Gene cloning

The basis of gene cloning technology owes its origins to the realisation that two different practical techniques (the use of restriction enzymes and the use of bacterial plasmids) could be utilised to generate chimeric DNA molecules in large quantities. Restriction enzymes are endonucleases that recognise and cut DNA at specific sequences within the molecule (Figure 14.1a). They recognise short four- or six-base pair sequences and either cut at opposite ends of these sequences, generating overlapping ends known as ‘sticky’ ends because they can reanneal using allowed base pair rules, or they cut both strands at the same site to generate ‘blunt’ ends.

Plasmids are small circular DNA molecules that can be present in a bacterial cell and replicate along with the bacterial genome (Figure 14.1b). They can code for proteins such as antibiotic-resistance proteins (Figure 14.2) and are responsible for creating many multi-drug-resistant bacteria.

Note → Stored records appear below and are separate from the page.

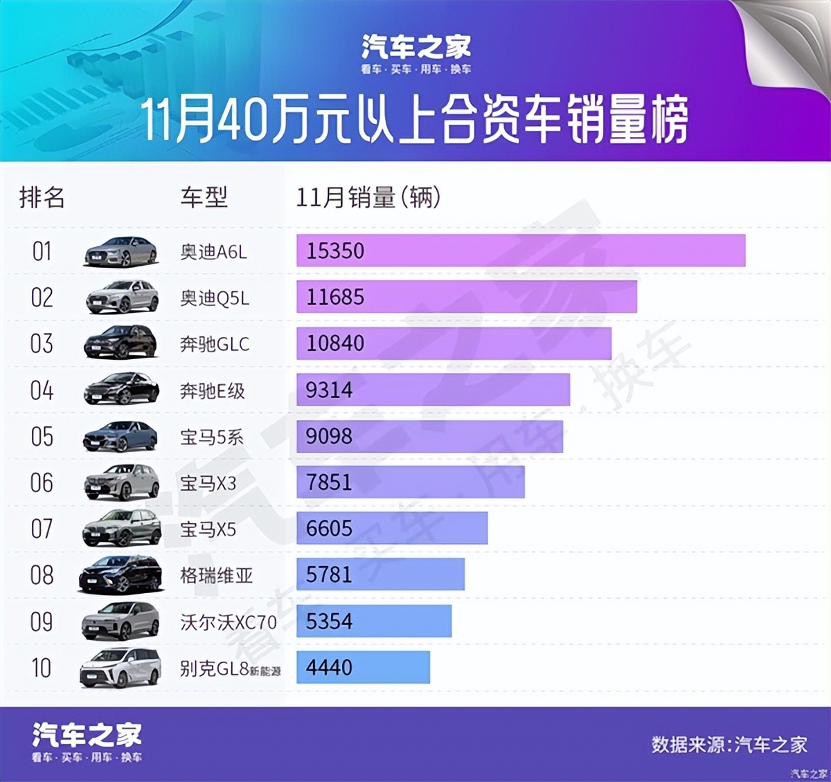 聚焦40万元以上合资车榜单,德系豪华品牌BBA包揽前五名:奥迪A6L以15350辆领跑,奥迪Q5L、奔驰GLC分别以11685辆、10840辆位列第二、第三。
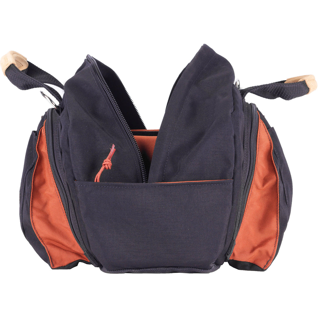 - Two dividers are sewn into the bag on one side and they hinge and attach to the other side; this creates a center compartment.
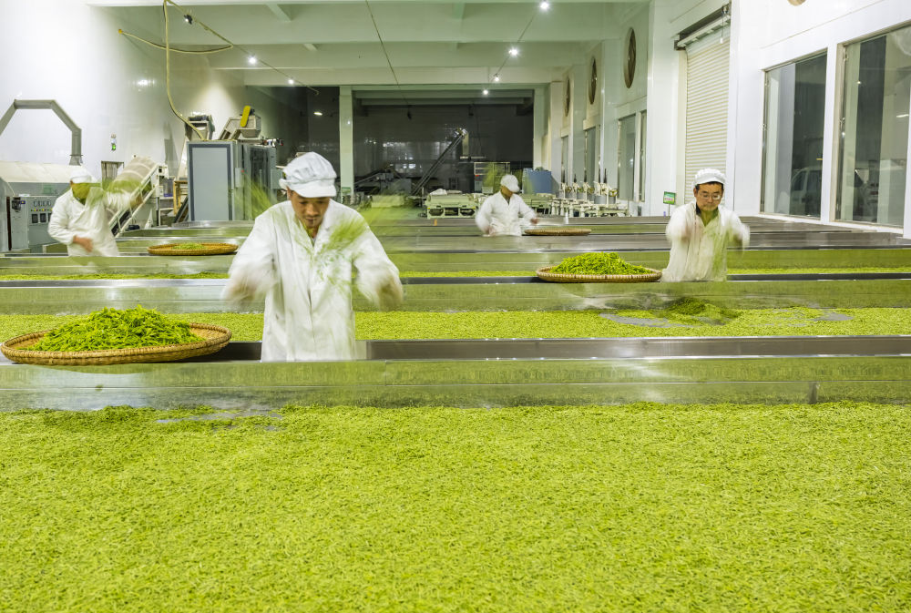 工人在秭归县九畹丝绵茶加工车间对刚收购的鲜叶进行加工。新华社发(郑家裕摄)
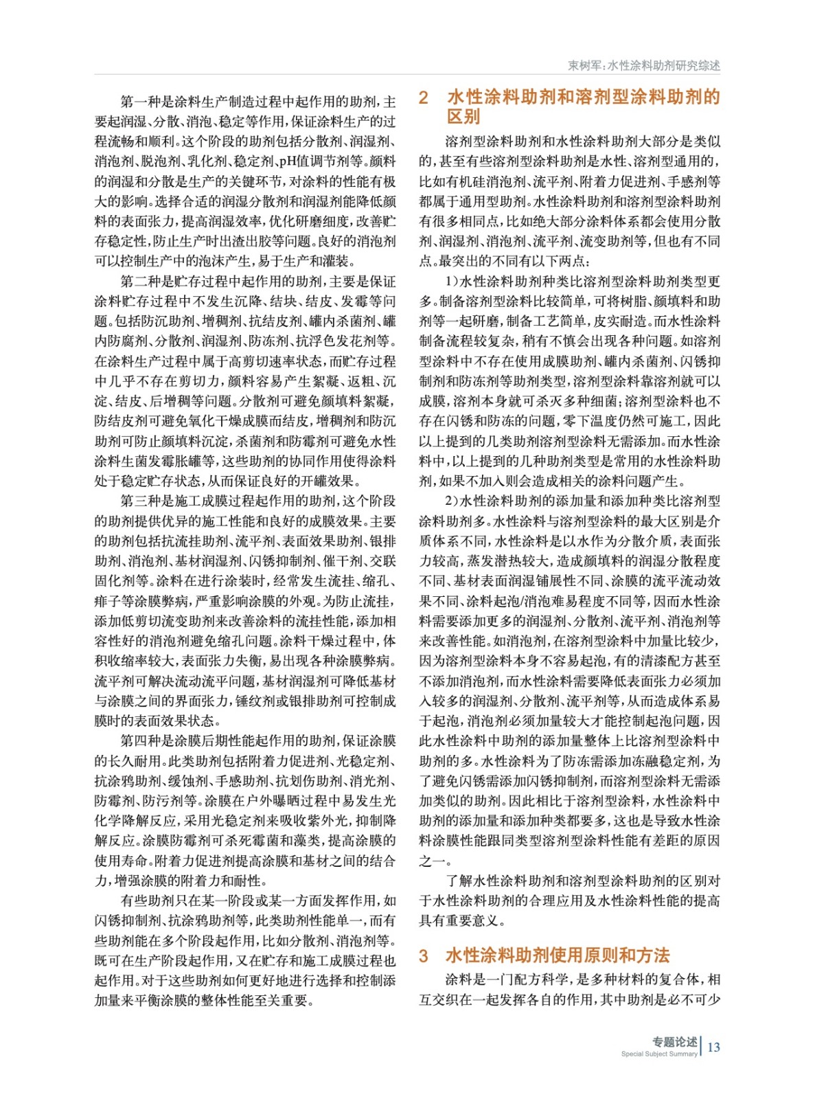 對水性涂料用助劑進行了概括整理和歸類,并在對溶劑型涂料助劑和水性涂料助劑進行比較的基礎上,總結得出助劑使用原則和方法,同時對水性涂料助劑的未來發展方向及存在的挑戰進行展望。
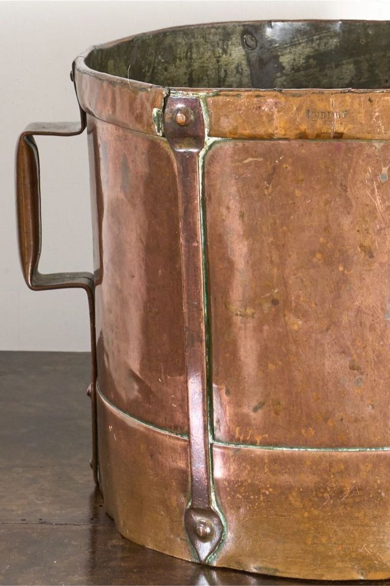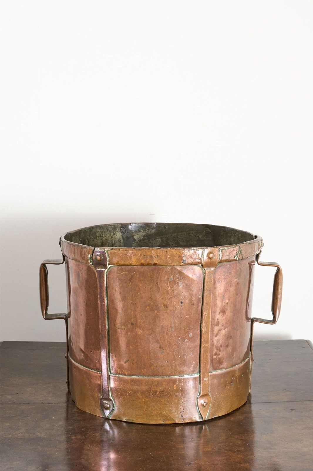 We have been fortunate to get a hold of 6 totally original and untouched 19th century Heavy copper grain measures. They have plenty of character and charm. The patina is fabulous and their misshapen appearance in parts just adds to their attraction. These would make great planters or ice buckets if you throw a lavish party.
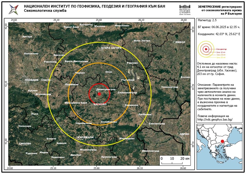От Националния Институт по Геофизика, Геодезия и География напомнят, че параметрите на земетресението са получени чрез автоматичен анализ на наличните в момента данни и е възможна промяна в координатите и магнитуда при постъпване на нови данни.
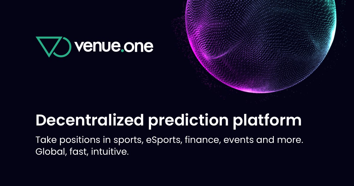 Venue One - это протокол децентрализованного прогнозирования для игроков и стримеров, поставщик ликвидности со своими наградами и своим маркетом, построенный на Algorand.
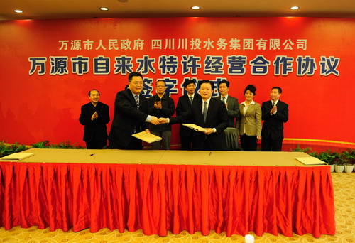 簽字儀式上,集團(tuán)公司副總經(jīng)理、川投水務(wù)集團(tuán)董事長李文志與中共萬源市委副書記、市人民政府市長吳曉勇簽訂了《萬源市城區(qū)自來水特許經(jīng)營合作協(xié)議》;川投水務(wù)集團(tuán)總經(jīng)理梁有國與萬源市國資辦主任陳守英簽訂了《民生供排水公司國有產(chǎn)權(quán)和特許經(jīng)營權(quán)轉(zhuǎn)讓協(xié)議》。根據(jù)兩個協(xié)議,川投水務(wù)集團(tuán)收購民生公司全部產(chǎn)權(quán)和萬源市城區(qū)30年自來水特許經(jīng)營權(quán),并投資建成馱山水廠,有效解決萬源市城區(qū)市民用水困難的問題。兩個協(xié)議的簽訂,標(biāo)志著川投水務(wù)集團(tuán)在項目拓展、壯大規(guī)模方面取得新的進(jìn)展。

The combination of these two technologies led to the production of recombinant DNA molecules. If a plasmid preparation is cut with a particular restriction enzyme, small lengths of DNA with identical sticky ends will form. Similarly, if a piece of human DNA is cut with the same restriction enzyme, short sequences of DNA will result with the same sticky ends. The two sets of DNA pieces can be incubated together and allowed to reanneal. The annealed DNA pieces can then be covalently joined in vitro using DNA ligase. The result will be a mixture of reformed plasmid molecules in addition to some plasmids into which human DNA sequences have been inserted. It is now possible to use selection techniques to select for only the chimeric human/plasmid molecules. These chimeric DNA molecules will be replicated by the host bacteria. The plasmid acts as the vector, to produce large quantities of the human molecules. The human DNA sequences can then be extracted using the same restriction enzyme that was used to cut the DNA initially.

Libraries

If a sample of total human DNA is treated with a restriction enzyme and the fragments are inserted into a vector, the chimeric molecules generated will contain the sum total of all the DNA sequences present in the human genome. The product of this process has been called a human genomic library. It can be prepared from the DNA of human tissue or human cell lines and will not be dependent on the source of DNA. Much of our understanding of the sequences in human genes has come from studies on human DNA libraries. However, these sequences cannot be used to generate human proteins in a bacterial protein synthesising system because bacterial cells cannot process the complex intron/exon structure of human genes.

If the total mRNA is isolated from a specific human tissue or cell line it can be reverse transcribed into complementary DNA in vitro using the RNA virus enzyme reverse transcriptase. The complementary DNA sequences can be ligated into a particular vector. The vector will then contain DNA copies of all the mRNA molecules present in that tissue. This is known as a complementary DNA (or cDNA) library. Unlike the genomic library, a cDNA library will be specific to the tissue used to isolate the mRNA because different tissues express different genes at different times. cDNA libraries can be used to produce large quantities of proteins.